It’s a New Year in cricket, so that can mean only one thing: new rules for one-day internationals.
The ODI is a curious beast – it lacks the depth of Test cricket, and it does not possess the dynamism and pace of T20.
In a calendar that is bursting at the seams, it’s the format that has the least powerful compelling reasons to continue. The argument that it makes a stack of advertising rupees in India is not, despite certain influential voices to the contrary, a particularly good one.
So what’s the answer? Give the format a little tweak. Not a Shane Warne-esque rip, not a even a Graeme Swann-ish spin, but a Paul-Harris-(can-you-really-call-him-a-spinner?)-esque tweak.
The key changes this time around are as follows:
- The bowling powerplay is gone
- Four fielders maximum outside the circle in non-powerplay overs
- Bowlers can bowl two short-pitched deliveries in an over, rather than one
Now, the bouncers aren’t such a bad idea in theory, even if it won’t be tested much in India. It should keep batsmen on their toes against the pacers.
But here’s the real issue. The powerplays don’t work at all, so fiddling with them is as worthwhile an exercise as complaining that the BCCI don’t adopt Hawk-Eye.
The bowling powerplay got the chop because time and again the fielding side took them as soon as the first powerplay was over. It scarcely mattered what the state of the game was – that’s what they did. So after a while the rules were changed so you couldn’t take them after 10 overs – it had to be after 15. Guess when captains started taking them then.
So the bowling powerplay gone. And what we’re left with instead is the totally dynamic and flexible batting powerplay, which must be taken absolutely no later than overs 36-40.
You’ll win no prizes for guessing when everyone takes those. Actually, forget that – you win a free bowling powerplay. Take it whenever you want.
Perhaps the powerplay should work – if captains were inclined to use it as an attempt to capitalise on momentum. But they don’t, and after several years of trying, surely the best course of action is to abandon the whole enterprise.
Or perhaps Cowers has this all wrong, and what we actually need is much, much more legislation. After all, ODIs already largely work to a template. Why not just use the laws of the game to make sure said template is adhered to?
To save an expensive conference at a five-star monolith in the United Arab Emirates with the great and the good of cricket, Cowers has written a proposal. Just have the ICC rubber-stamp it and give him a non-executive director’s position whenever they get round to it:
Overs 1-5 – Bowl seam. ‘Brave captaincy’ choice of a spinner may be permitted on subcontinental pitches.
Overs 6-10 – Swap a seamer for a seamer. If the batsmen have started well an appeal can be made to the umpires to allow a ‘change of ends’ for one misfiring seamer.

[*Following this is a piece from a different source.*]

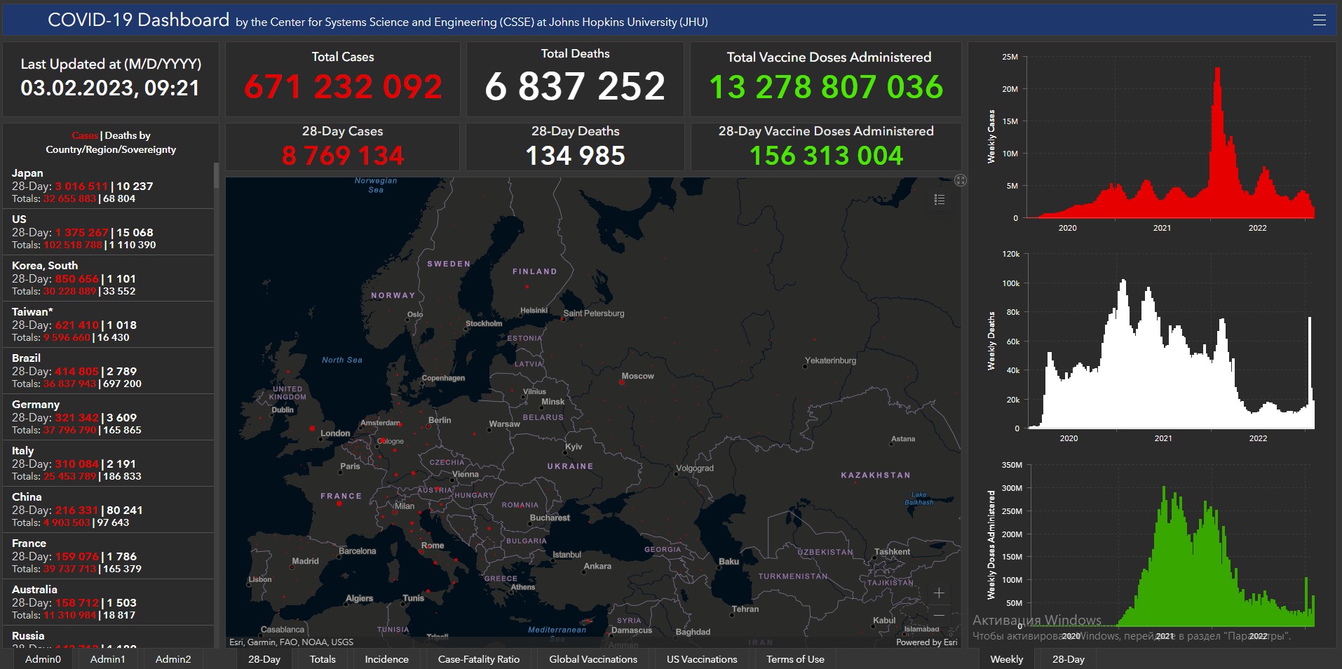 Всего в мире с начала пандемии коронавирусом заразились 671 миллион 232 тысячи 92 человека. Больше всего в США (102 миллиона 518 тысяч 788), Индии (44 миллиона 683 тысячи 23), Бразилии (36 миллионов 837 тысяч 943), Франции (39 миллионов 737 тысяч 713), Великобритании (24 миллиона 526 тысяч 807), России (21 миллион 658 тысяч 642), Турции (17 миллионов 42 тысячи 722), Аргентине (10 миллионов 37 тысяч 135), Иране (7 миллионов 564 тысячи 551), Колумбии (6 миллионов 355 тысяч 135), Испании (13 миллионов 731 тысяча 478), Италии (25 миллионов 453 тысячи 789) и Германии (37 миллионов 796 тысяч 790).Количество смертей от коронавируса достигло 6 миллионов 837 тысяч 252. За сутки показатель вырос на 1 тысячу 981 человека. В том числе в США всего с начала пандемии скончались 1 миллион 110 тысяч 390 человек, Бразилии — 697 тысяч 200, Индии — 530 тысяч 741, Мексике — 332 тысячи 324, России — 387 тысяч 193, Великобритании — 217 тысяч 654, Италии — 186 тысяч 833.

Overs 11-15 – Get spinners on. Set field back. Concede four runs in singles.
Over 16-20 – ‘Shock’ batsmen out of their rhythm by reintroducing a seamer.
Overs 20-25 – Spinners to be reintroduced. Boundaries are forbidden. All scoring shots must involve some interpretation of the concept of ‘milking’.
Overs 26-30 – Bowling captain to bowl part-time spinner and/or medium-pacer.
Overs 30-35 – Batsmen must meet in the middle between every ball to debate whether to consolidate or accelerate.
Overs 36-40 – The batting powerplay (if we must)
Overs 41-50 – Hitting essential – forward defensive strokes can be given out by the umpire.
Furthermore, if any of the revised ODI laws are not adhered to, captains can be punished by having match fees docked, serving bans, or in the most extreme cases, being forced to take their powerplays at a different time than usual.
Too far-fetched? We live in times where England have just won a ‘live’ ODI against India in India for the first time in 11 years – a time when a new-fangled device called an iPod was making waves, the Iraq War was just a twinkle in the American President’s eye, and LOLcats were still years away. Things move on.
And before you dismiss it out of hand, remember the rule-makers came up with and implemented the Supersub rule. Doesn’t sound so mad after all, does it?